I was in a discussion with a customer today around an interesting challenge that they deal with frequently; namely the frequency of reporting for legal, compliance and operational efficiency. Businesses consider themselves agile players in their market and are constantly having to reinvent themselves, install new control points and consider new key performance indicators (KPIs)in order to evaluate efficiency, improve operational cost control and ultimately deliver bigger margins to the bottom line and ultimately higher profits to their shareholders.

To met these demands for more control points and KPI’s they may need to use their SAP systems to measure and data elements that they never recorded or reported on before. The standard SAP system comes with tens of thousands of data entry screens and over 4,000 standard reports on modules from AR to WM however as is often the case, the business either doesn’t know about these reports or they can’t leverage them to maximum effect because their system configuration is not wholly aligned with the objectives or deliverables of the standard report. Native SAP tools like SQVI, SE16 and SQ01 take reporting to a slightly more customizable level but these tools are notoriously unpopular with external auditors and in fact the IT organization as a whole because they are largely difficult to use, they may present system security holes on exposing sensitive data and worse, badly or malformed queries can bring poorly managed or untuned systems to their knees impacting a much wider user community.

The business has options…

Custom ABAP reports, datamarts, Bobj and BW repositories of course bring the promise of being able to alleviate the pressure of reporting but even these mechanisms have issues, primarily around requirements development, change control and the actual time to completion  – the duration between identifying the need and delivering the solution. By the time the appropriate analysis has been done, the prototype developed, the business signed off and the change request instituted, the requirement may have been superceded by something else that the business needs to work on.

So how can a business get around the problems associated with inadequate standard reports, tools that are frowned upon and long delivery times on technically sophisticated solutions? An attractive and popular option is the use of desktop integration tools that can be used by any business user with an understanding of the concepts of data dictionaries, data fields and tables. Basic dekstop database tools like MS Access have often been used by people in the business to create small databases and sometimes gigantic databases to do various store and retrieve activities. In finance, there is often a proliferation of electronic workbooks and spreadsheets in use to store all kinds of information that may be represented in a slightly different format to that held in the SAP system of record. The challenge comes with harmonising the data between these two sources whilst not  compromising on business system’s efficiency and effectiveness and simultaneously not undermining the security and controls that internal audit, IT and the external auditors may have established to preserve the integrity of the systems that the majority of SAP system users rely on.
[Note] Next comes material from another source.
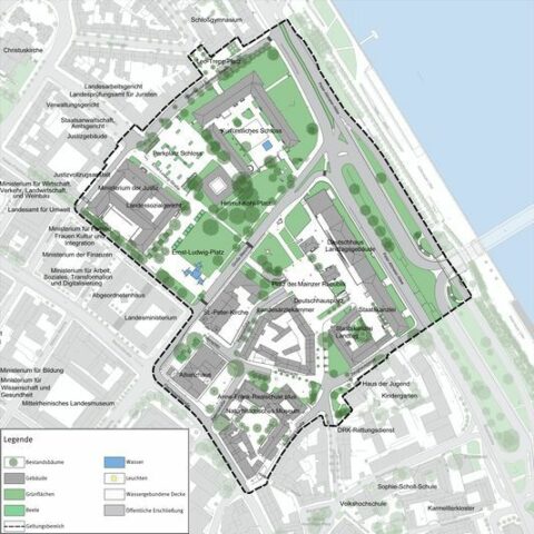 Das Mainzer „Regierungsviertel“ – aktuell der Bereich zwischen Rhein, Schloss, Landtag bis zum Allianzhaus und dem Brunnen auf dem Ernst-Ludwig-Platz – soll neu gedacht werden. Schon seit Jahrhunderten wurde das Viertel immer wieder umgestaltet – nun ist (dank Biontech- Corona-Steuern und dem Umzug des Römisch- Germanischen Zentralmuseums) die Möglichkeit wieder einmal da – auch die Große Bleiche könnte an dieser Stelle für den Verkehr geschlossen werden.

Reporting too little, too late

The customer I was talking to was a business unit responsible for the internal maintenance of critical business data that they alone understand. As custodians of this data they are called upon to frequently dissect it in order to present views of the state of business activities. This dissection is not so much enumerated in financial terms as statistical. The ability to identify simple attributes like what bills of materials (BOMs) contain element X or rely on item Y as part of a recipe is key to meeting the demands of other legal, quality or regulatory compliance groups. Whilst some of the reporting is available in the SAP system natively and they can look up this information on a per transaction or record basis the reality is that sometimes they need to simply pull a global list quickly that tells them about a rough order of magnitude or lists all the points in their production or assembly processes that this material, equipment or activity. When they approach their internal IT support specialists for this information it is supplied but often takes some time to be turned around by an IT specialist . Sometimes this takes so long that the need has passed or the business has found some other way to get the answer. Not only is this approach inefficient, it is frustrating and expensive.

In an ideal world there is only one answer for every question however as we all know, there are often many answers to a question. Depending on the view of the person asking the question, some questions lead to more questions and some people aren’t even very good at articulating, or on the receiving/delivery side – understanding the question.  This need for accelerated responses or the resulting complexity in the nature of the answers drives home the need for those who own and use the business data and can perform some sort of sanity check on the results of reporting, to be more closely responsible for the production of the reporting. Business users need to be able to slice and dice, plot, manipulate, trend and massage their own data according to their understanding of their data. This requires more than an understanding of the structure of tables, the descriptors of fields and the mappings between logical structures and native table data.

Beyond the proverb

The recent advent of enhanced desktop inquiry and update tools, what I refer to as desktop integration tools has started to see a much greater degree of adoption in business circles. Business has used electronic workbooks and spreadsheets for almost two decades now and business users are, for the most part, very comfortable working in this environment. Just a few years ago the integration of these office automation tools with SAP were either designed with point solutions in mind or with such unfriendly and cumbersome interface and design elements that no self respecting IT resource would dream of considering these tools for use by the business without guidance. Improved user interface elements as well as tight integration with the Microsoft Office suite has led to exponential benefits within the business in the realm of mass data inquiry, create and maintain functions all from the comfort of products like Microsoft Excel without the need to launch the SAP GUI.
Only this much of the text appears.